In [12]: ordinal_day
Out[12]:
<xarray.DataArray 'dayofyear' (time: 4)>
array([ 1, 60,  1, 61])
Coordinates:
  * time     (time) datetime64[ns] 1999-01-01 1999-03-01 2000-01-01 2000-03-01

In [13]: da.groupby(ordinal_day).mean('time')
Out[13]:
<xarray.DataArray (dayofyear: 3)>
array([2., 2., 4.])
Coordinates:
  * dayofyear  (dayofyear) int64 1 60 61

spencerkclark on 3 Sep 2018

👍4

Building on the above example, if you're OK with using a coordinate of strings, the following might be a little simpler way of defining the labels to use for grouping (this is perhaps closer to a single attribute solution):

In [14]: month_day_str = xr.DataArray(da.indexes['time'].strftime('%m-%d'), coords=da.coords,
    ...:                              name='month_day_str')
    ...:

In [15]: da.groupby(month_day_str).mean('time')
Out[15]:
<xarray.DataArray (month_day_str: 2)>
array([2., 3.])
Coordinates:
  * month_day_str  (month_day_str) object '01-01' '03-01'

Note #2090 / #2144 would make this more straightforward.

spencerkclark on 3 Sep 2018

👍2

Thanks - i will give this a try!
And thanks for the clarifications.

chiaral on 4 Sep 2018

For anyone stumbling upon this thread in the future, I would like to mention that I used the above grouping approach suggested by @spencerkclark for my dataset to calculate climatology with calendar day and it works smoothly. The only thing one should be careful is that you can't directly plot the data using

In[1]: da.groupby(month_day_str).mean('time').plot()
Out[1]: TypeError: Plotting requires coordinates to be numeric or dates of type np.datetime64 or datetime.datetime.
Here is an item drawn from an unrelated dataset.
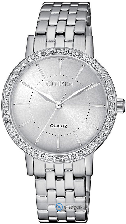 Zegarek EL3040-80A marki Citizen to elegancki zegarek naręczny damski, który wyposażono w pomysłowe rozwiązania i funkcje. Model ten jest z kolekcji Citizen Elegance. Cyferblat zegarka jest w kolorze szarym. Pokazana metodą analogową aktualna godzina jest czytelna i łatwa do sprawdzenia. Koperta w odcieniach koloru stalowego szeroka jest na 31 mm oraz ma grubość 7 mm - wyróżnia się okrągłym kształtem.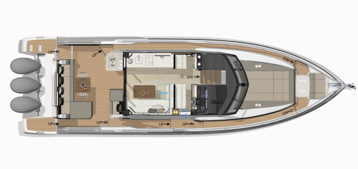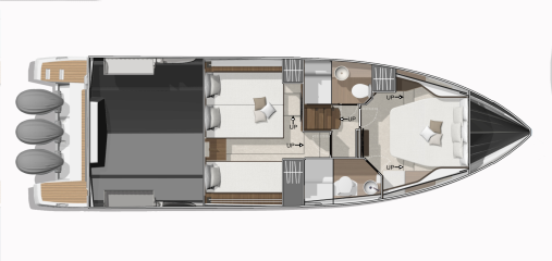 Rungon lisäksi myös majoituskannen tilaratkaisu on konsernisisarissa identtinen. Se muodostuu kolmen vuoteen keskikajuutasta, keulaan sijoitetusta parivuoteella ja omalla toiletilla varustetusta omistajansviitistä sekä erillisestä päivätoiletista, joka sekin on varustettu suihkukomerolla. Yhtäläisyydet jatkuvat peräpeilissä, jonne on molemmissa ripustettu kolme perämoottoria. Tarjolla on 3 x 300 tai 3 x 350 hevosvoimaa eli tuhannen raja saadaan rikki.

To get around it, either use group by the

modified_ordinal _day

Or convert back the grouped coordinate month_day_str to numeric. However, after doing all this I found out that the CDO function also calculates climatology by the ordinal day of the year. So, to be consistent I would stick to that method but it's anyway good to know that there is a way around to group by day and month if required in Xarray.